"Single Card from Ferrara"
- also called Issy-sur-Moulineaux Chariot
"Chariot"
estimated ca. 1450, painter might be Sagramoro or Gherardo Vicenza
see "Name Trionfi in context to playing cards"
Thierry Depaulis expressed recently in a short article in a game magazine ("Le tarot démystifié" in "Tangente jeux", no. 9, Juin-Juillet-Août 2004 pp. 34-37 p. 35 fig. 2.) the opinion, that the card is part of the same pack as the two cards in the Warsaw museum (information from Ross Caldwell, the Warsaw museum cards are shown in Kaplan Encyclopedia I, p. 109). The note reads - "Fig 2. Le Chariot (copyright) Coll. Musée français de la Carte à jouer, Issy-les-Moulineaux. Discovered in 1988, this atout belongs to a scattered tarot of which we know two other cards in the National museum of Warsaw. This deck was painted in Ferrara around 1455."
The reasons for the dating is unclear to us. I see the card near to the Chariot card shown on one of the sheets in the Metropolitan Museum Museum of Art (shown Kaplan I, p. 125) - see picture to the right (probably this opinion is already expressed by somebody else, but I haven't heard of it).

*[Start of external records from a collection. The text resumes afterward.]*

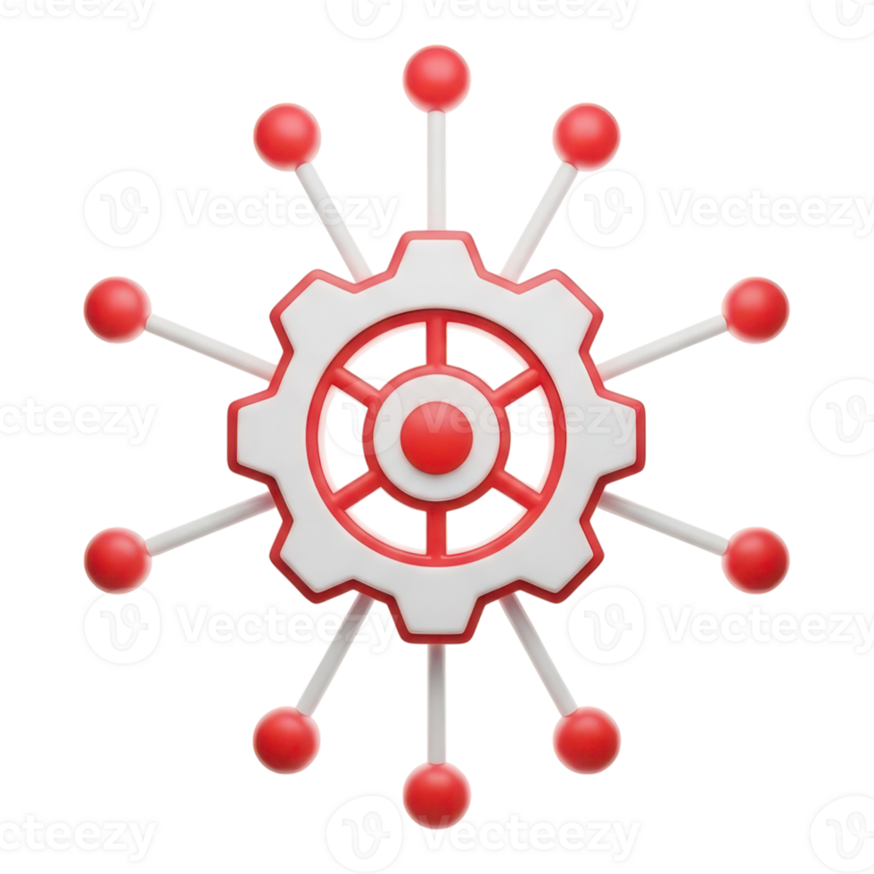 3d icon of gear connected to multiple red node point isolated on transparent background Pro PNG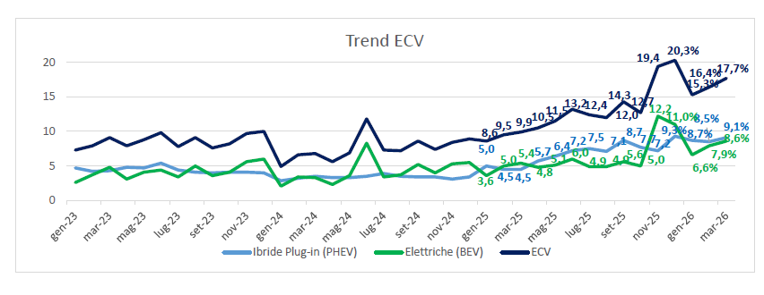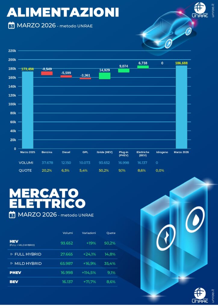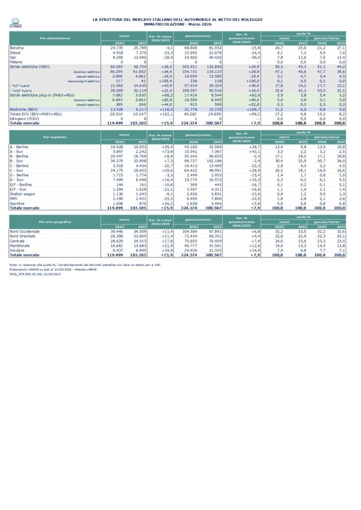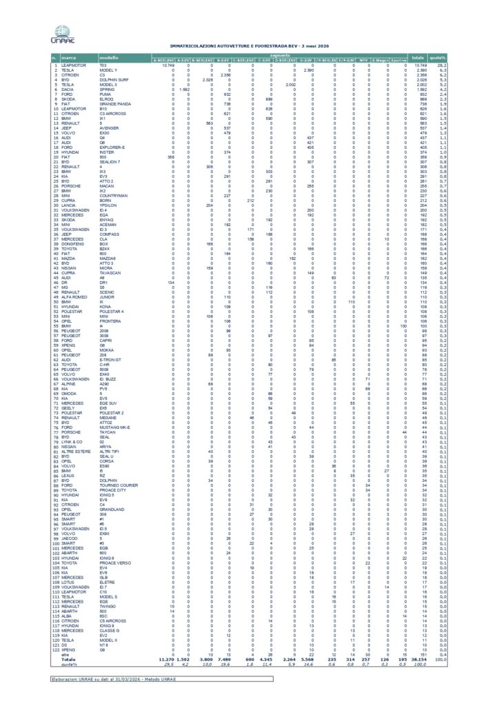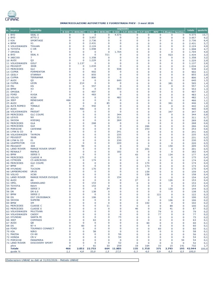 La quota delle vetture elettriche pure sale all’8,6% con 16.137 immatricolazioni (con 1/3 del totale concentrato su un solo brand), un valore nettamente superiore al 5,4% di marzo 2025 e in aumento anche rispetto al 7,9% registrato a febbraio; le ibride plug-in confermano un andamento vivace, sostenuto dall’ampliamento dell’offerta e dalle regole sui fringe benefit aziendali, raggiungendo il 9,1% contro il 4,6% di un anno fa e l’8,5% del mese precedente.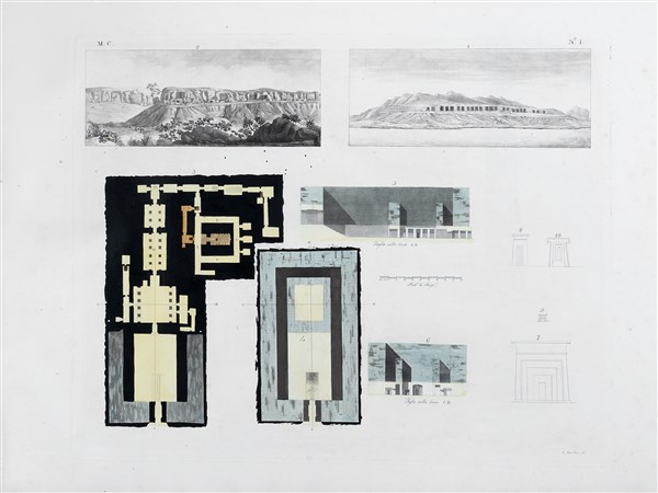 Cospicua raccolta di tavole, tra cui alcune a colori, dalle celebre e monumentale opera di Rosellini sui monumenti dell'Egitto insieme ai 9 volumi di testo.
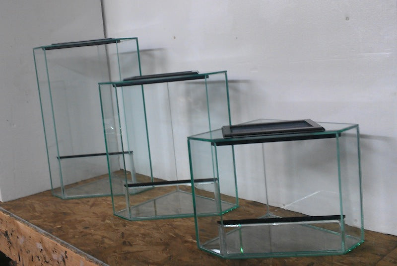 A space saving corner glass terrarium, this 12"x12"x24" is designed to be used as a single unit in corners or as four units together to create a stunning column effect with clear viewing from all angles. This size is ideal for multiple species of frogs, geckos, lizards, and snakes. Tall substrate barrier allows for water section or deep natural filtration layer. Substrate Dam- 6". The standard style of screen top is for use with a majority of reptiles. Dendro-Style comes with a 3-5″ screen top for ventilation set 2″ from the front of the terrarium to reduce humidity loss for humidity sensitive species. Misting and drainage holes can be drilled for an additional charge. Hand made in Maine USA.

It should be remarked, that very early paintings of the chariot (Cary-Yale, Pierpont-Morgan-Bergamo Tarocchi, Bartsch Visconti-Sforza, this card) show females on the chariot, perhaps due to the condition, that at triumphal events the ladies prefered to ride on a chariot and men prefered horses. From Francesco Sforza in March 1450 it is recorded, that he avoided the offered triumphal chariot. Later the chariot presented almost a male triumphator.
A "new" old Trionfi card appeared 2005 at an auction of Christie, which also seems to belong to the same deck as this card and the two others from the Warsaw Museum.